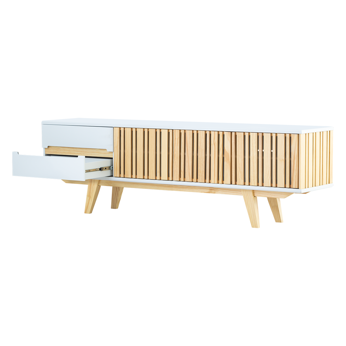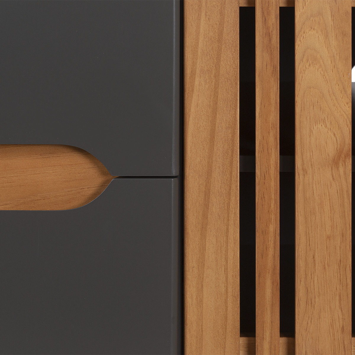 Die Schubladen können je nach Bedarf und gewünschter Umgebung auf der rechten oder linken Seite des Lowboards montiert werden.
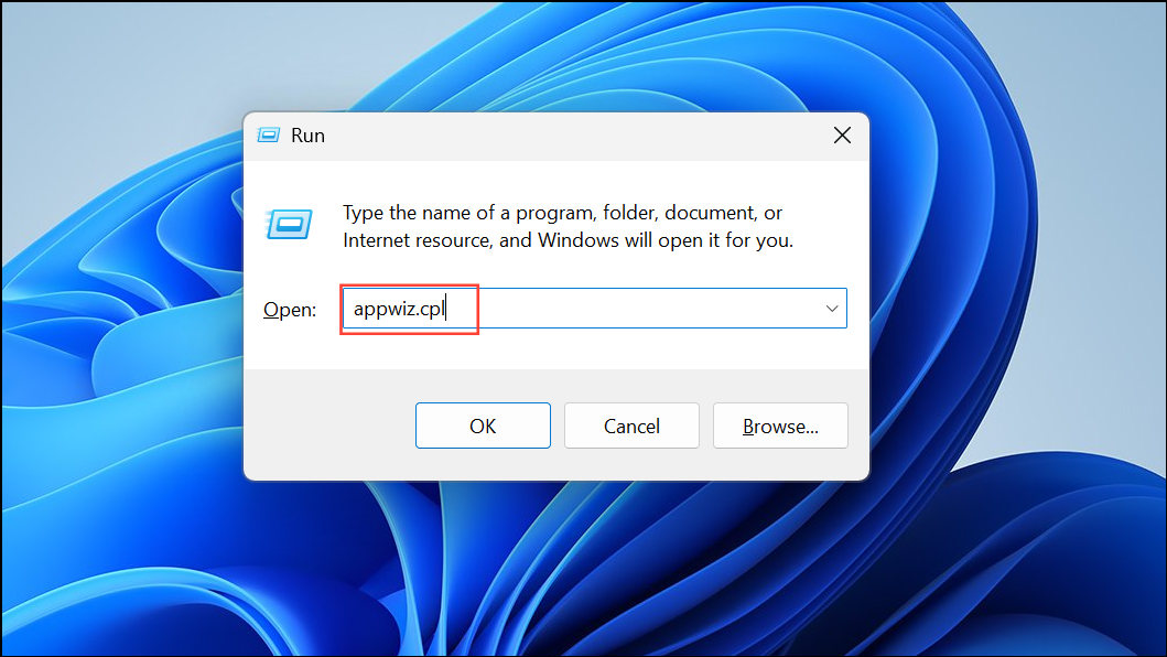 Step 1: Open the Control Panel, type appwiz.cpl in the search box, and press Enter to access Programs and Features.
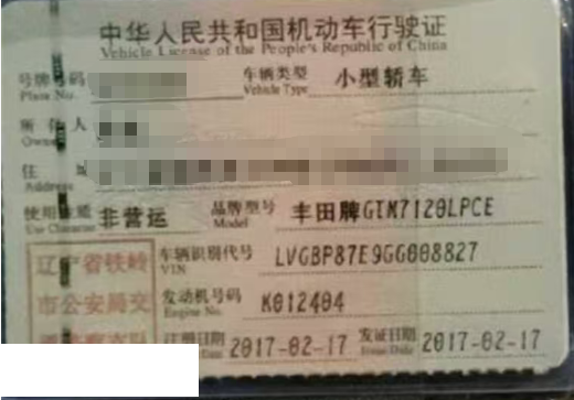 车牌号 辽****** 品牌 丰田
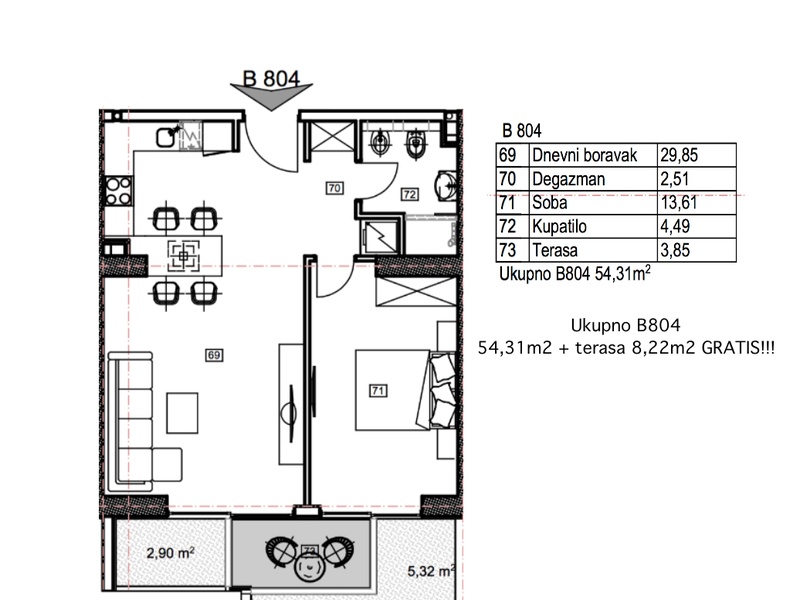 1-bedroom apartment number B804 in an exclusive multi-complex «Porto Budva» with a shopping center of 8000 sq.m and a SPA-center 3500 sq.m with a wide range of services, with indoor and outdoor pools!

-----

● **What you need to do**
Copy out exactly, with no pictures, the lines of the data from the first one through the line bearing "车牌号 辽****** 品牌 丰田".

● **Problem solution**
 Die Schubladen können je nach Bedarf und gewünschter Umgebung auf der rechten oder linken Seite des Lowboards montiert werden.
 Step 1: Open the Control Panel, type appwiz.cpl in the search box, and press Enter to access Programs and Features.
 车牌号 辽****** 品牌 丰田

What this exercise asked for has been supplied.